ASSIGNMENT: Of all the lines in the entries below, give again exactly those starting at the line containing "智能制造,从专案开始,到成型" and ending at the line containing "6 крючков Кухня", both ends included, and no others.
#### DATA FOR ANALYSIS
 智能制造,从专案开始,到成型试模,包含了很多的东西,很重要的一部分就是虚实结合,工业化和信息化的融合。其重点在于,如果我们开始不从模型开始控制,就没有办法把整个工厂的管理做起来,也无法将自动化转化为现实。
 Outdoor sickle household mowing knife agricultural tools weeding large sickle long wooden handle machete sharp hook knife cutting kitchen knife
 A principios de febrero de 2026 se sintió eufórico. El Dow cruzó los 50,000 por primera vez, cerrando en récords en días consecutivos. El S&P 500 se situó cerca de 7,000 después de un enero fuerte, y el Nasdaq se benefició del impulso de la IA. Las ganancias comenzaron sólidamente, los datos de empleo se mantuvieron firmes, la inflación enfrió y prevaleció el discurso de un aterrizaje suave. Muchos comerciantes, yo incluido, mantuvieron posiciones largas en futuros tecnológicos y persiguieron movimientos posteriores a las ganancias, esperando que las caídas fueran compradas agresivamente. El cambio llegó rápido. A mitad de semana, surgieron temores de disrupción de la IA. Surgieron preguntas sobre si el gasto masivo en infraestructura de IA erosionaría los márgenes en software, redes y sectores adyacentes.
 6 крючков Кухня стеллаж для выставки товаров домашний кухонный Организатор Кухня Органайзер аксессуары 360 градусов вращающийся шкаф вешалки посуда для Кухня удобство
########
#### DATA FOR ANALYSIS
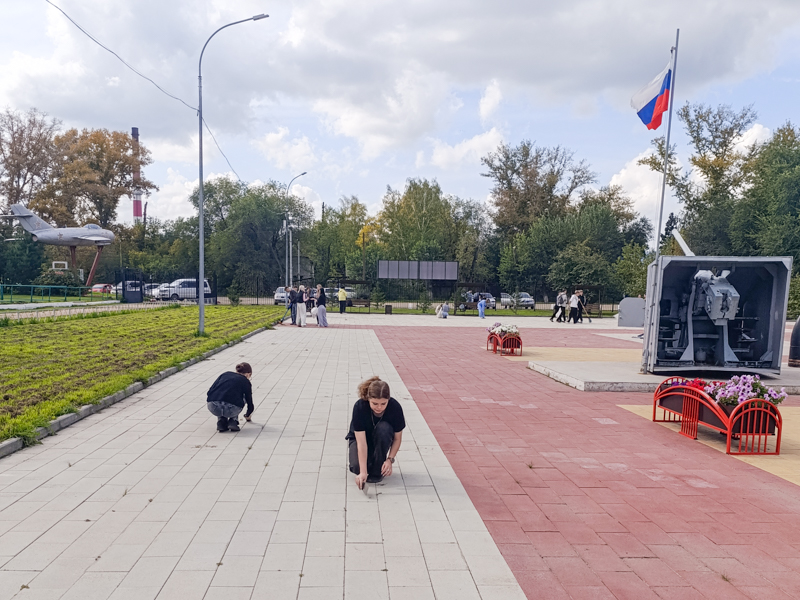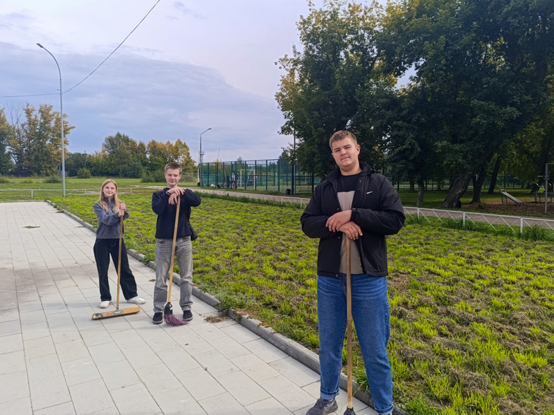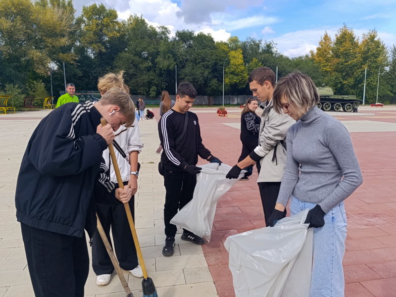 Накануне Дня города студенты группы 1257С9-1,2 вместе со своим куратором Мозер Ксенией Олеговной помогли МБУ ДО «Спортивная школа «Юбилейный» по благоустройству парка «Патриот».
########
EXERCISE SOLUTION:
 智能制造,从专案开始,到成型试模,包含了很多的东西,很重要的一部分就是虚实结合,工业化和信息化的融合。其重点在于,如果我们开始不从模型开始控制,就没有办法把整个工厂的管理做起来,也无法将自动化转化为现实。
 Outdoor sickle household mowing knife agricultural tools weeding large sickle long wooden handle machete sharp hook knife cutting kitchen knife
 A principios de febrero de 2026 se sintió eufórico. El Dow cruzó los 50,000 por primera vez, cerrando en récords en días consecutivos. El S&P 500 se situó cerca de 7,000 después de un enero fuerte, y el Nasdaq se benefició del impulso de la IA. Las ganancias comenzaron sólidamente, los datos de empleo se mantuvieron firmes, la inflación enfrió y prevaleció el discurso de un aterrizaje suave. Muchos comerciantes, yo incluido, mantuvieron posiciones largas en futuros tecnológicos y persiguieron movimientos posteriores a las ganancias, esperando que las caídas fueran compradas agresivamente. El cambio llegó rápido. A mitad de semana, surgieron temores de disrupción de la IA. Surgieron preguntas sobre si el gasto masivo en infraestructura de IA erosionaría los márgenes en software, redes y sectores adyacentes.
 6 крючков Кухня стеллаж для выставки товаров домашний кухонный Организатор Кухня Органайзер аксессуары 360 градусов вращающийся шкаф вешалки посуда для Кухня удобство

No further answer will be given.